Among the works featured in the exhibition are Noelle Mason’s window installation of Mag-lites spelling the word SILENCE in Braille, and an illuminated stained glass that projects a surveillance image of 9/11/2001 hijackers passing through security at the Portland airport. Another work by Mason consists of 10 stitcheries that depict x-rays and infrared images of undocumented immigrants crossing the US/Mexico border illegally. Mason collected the images from the US Border Patrol and Minutemen websites, and then sent the images to Brazil where they we embroidered by Bilu Alcantara in exchange for the amount it would cost her to illegally immigrate to the United States. John Delk contributes a candy-coated American flag, and a drain installed in the gallery floor spewing George Bush’s past five State of the Union speeches, which he has edited to consist solely of fear-inducing buzzwords and phrases. For his part, Conor McGrady offers up four new vignettes that are de-contextualized portraits depicting roles played by those at various levels within the political power machine.

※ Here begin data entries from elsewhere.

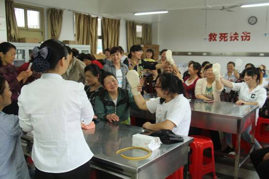 万晓燕教授首先通过多媒体讲解了救护知识和要点,然后观看操作小视频,最后示范和指导舍管员练习救护操作,舍管员同志们非常认真的练习,学习情绪高涨,效果很好。这次应急救护的培训在热烈的掌声中结束。后勤集团的领导肯定了此次活动的意义和成功,表示下次还要开展此类救护培训活动,如心肺复苏术培训。
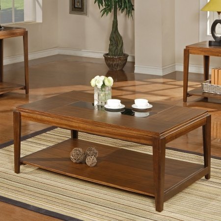 The Luxor Coffee Table has a sleek contemporary style followed by a modern cherry finish and glass panel cutouts. Modern Cherry Finish. Contemporary Style. Corner Block Construction on Chairs and Table. Tongue and Groove Joints. Black Glass Insert. Dimensions: L- 48 W- 28 H- 19 Read more...
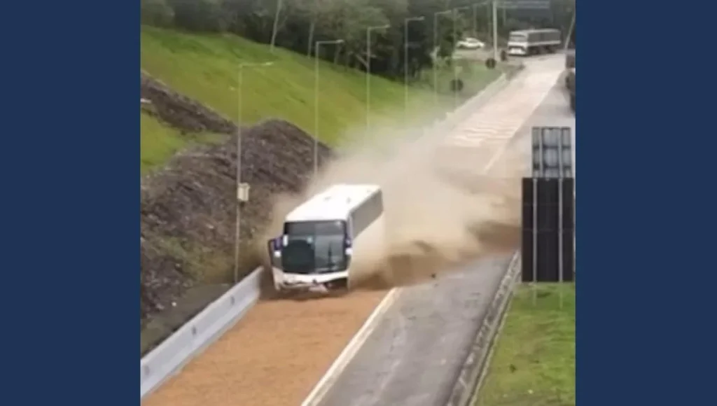 Câmeras de monitoramento da rodovia registraram o momento exato em que o ônibus entrou na área de escape, evitando uma tragédia de proporções maiores. Graças à ação rápida do motorista e à presença da estrutura de segurança, o pior foi evitado. A área de escape é projetada para desacelerar veículos em situações de emergência, como a que ocorreu neste caso.
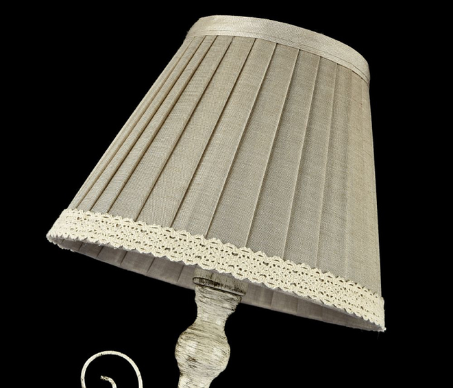 Патинированная арматура из металла. Абажур изо льна с натуральной кружевной тесьмой.
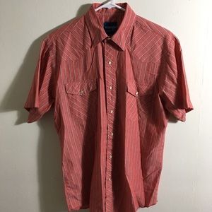 Vintage preowned wrangler short sleeve western shirt. Normal wear- Red with pin stripes. No size tag but fits like a Large More pics upon request!
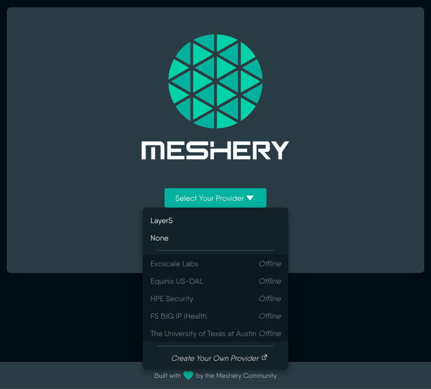Meshery offers Providers as a point of extensibility. It has a built-in Local Provider, named “None” and supports Remote Providers that are designed to be pluggable. Remote Providers offer a point of extension to users / integrators to deliver enhanced functionality such as authentication and authorization, using Meshery as a platform.
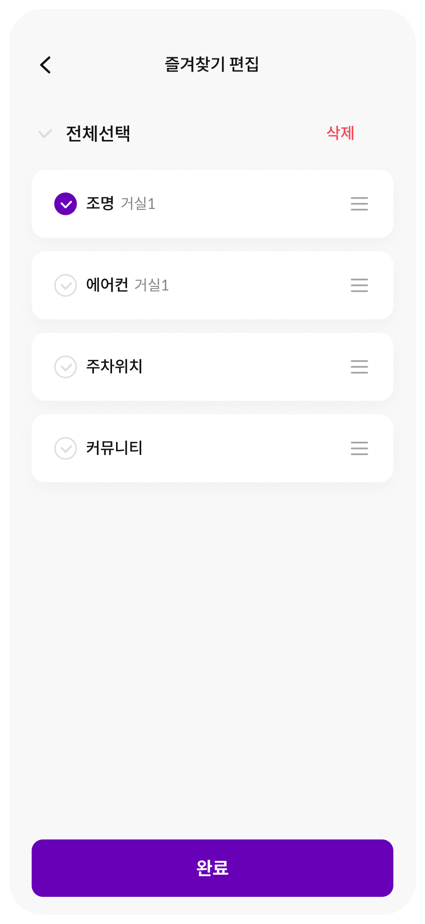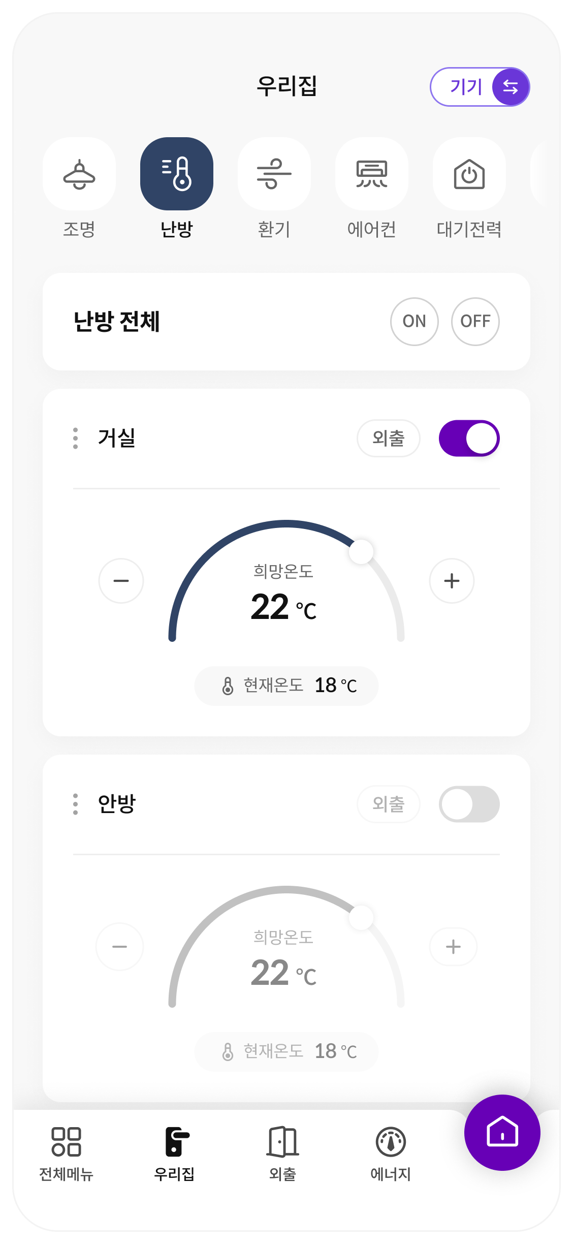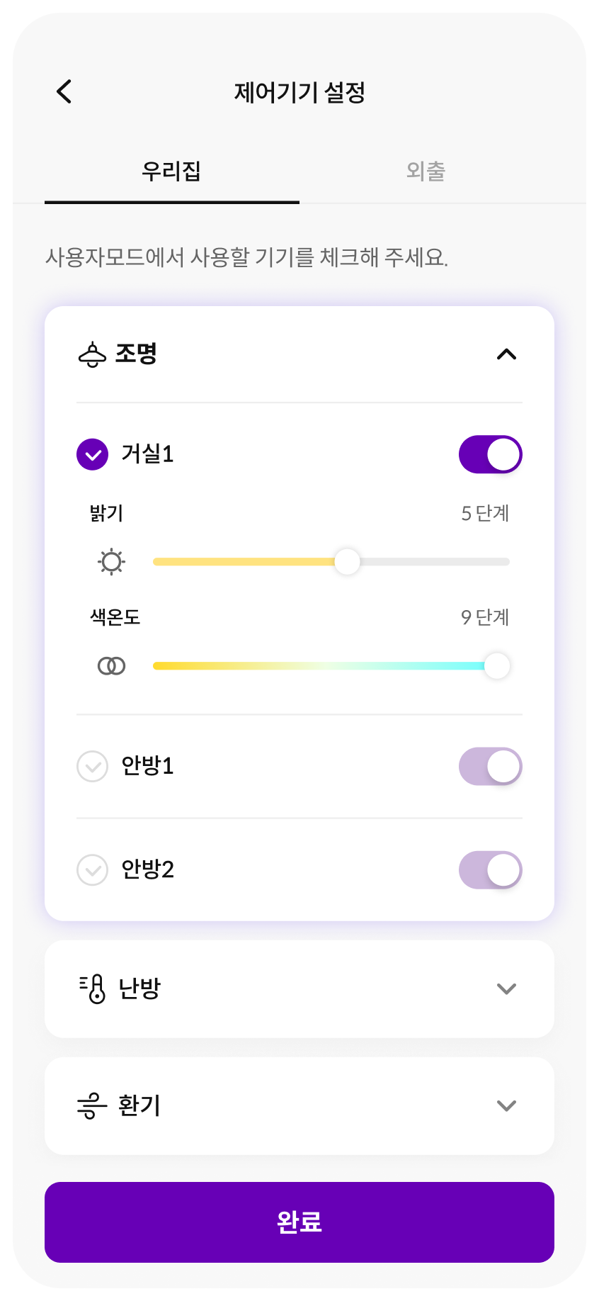 토글 또는 슬라이드, 버튼 등의 UI를 통해 각 공간마다 세부적으로 제어가 가능합니다.

John Delk is a Brooklyn-based artist whose work has been exhibited nationally in New York, Chicago, San Francisco, and Washington. He received an MFA in 2001 from the School of the Art Institute.

Noelle Mason graduated the School of the Art Institute’s MFA program in 2005. Her work has been exhibited internationally and she is a member of the faculty in the University of Houston’s sculpture department.

Conor McGrady has recently exhibited his work in the one-person exhibitions, New Arcadia at M.Y. Art Prospects, New York and Green and Pleasant Land, Saltworks Gallery, Atlanta. In 2002 he was selected to participate in the Whitney Biennial at the Whitney Museum of American Art.